Thursday, August 11, 2011
I recently watched a documentary about the Brazilian artist Vik Muniz, who makes art out of various household materials including dirt, string, sugar, chocolate, and garbage. Filmed over nearly three years, Waste Land follows Muniz as he journeys from his home base in Brooklyn to his native Brazil and the world's largest garbage dump, Jardim Gramacho, located on the outskirts of Rio de Janeiro. Muniz is the most compelling modern artist I know about, not only because his art is deeply intellectually engaging and sensually appealing, but because he manages to champion social causes without being preachy. I am extremely inspired by his willingness to take a position and positively affect the communities he documents and interacts with. In this film, Muniz meets workers who make a living by salvaging recyclable materials form the dump. He then photographs them and creates enormous reproductions of these portraits out of materials gathered form the dump. He then photographs these reproductions and creates large prints, which are the finished work. These are sold at auction, and the proceeds are donated to the community of pickers at the dump, enabling them to significantly improve their lives through the aegis of their collective association.

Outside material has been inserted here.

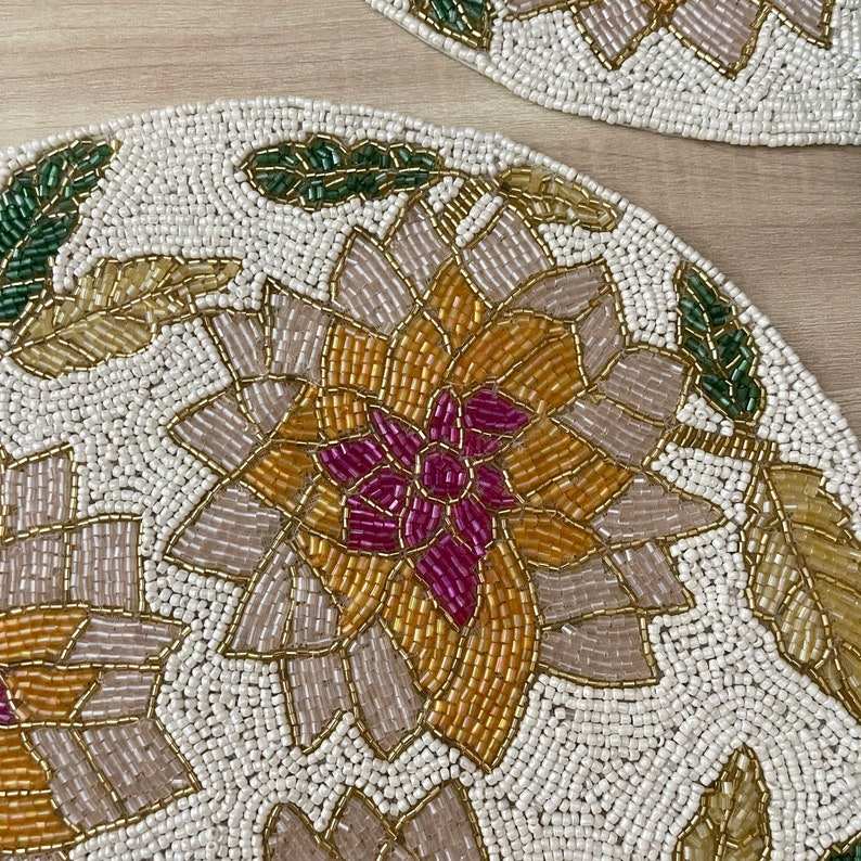 Mantel Individual con cuentas, cargador redondo hecho a mano para comedor de lujo y decoración de vacaciones, pieza única hecha a mano con cuentas, mantel, inauguración de la casa

Wednesday, August 10, 2011
This video is from their own posting on Youtube. Enjoy.
The world has been waiting in desperation and darkness for me to unveil my erudite and trenchant observations, so I will deprive it no longer... Here is my Personal Log, shortened to "ONALOG" for the overstimulated, harried and savvy public. I travel a lot and have access to some pretty interesting places, situations and people, thanks to my strange occupation in corporate espionage, as well as my touring life as a musician. So you, dear readers, will reap the benefits of this access, filtered though my canny and discerning intellect.This will be a record of my travels, observations, and rantings. It might get political, it might be a preview of some of the new music I'm making or listening to, and there might be some samples of my writings and music from years past. I'm not really sure, I'm just winging it. I can't guarantee it will be funny or true, but I promise it will be almost 100% grammatically correct and free of spelling errors. Bon appetit!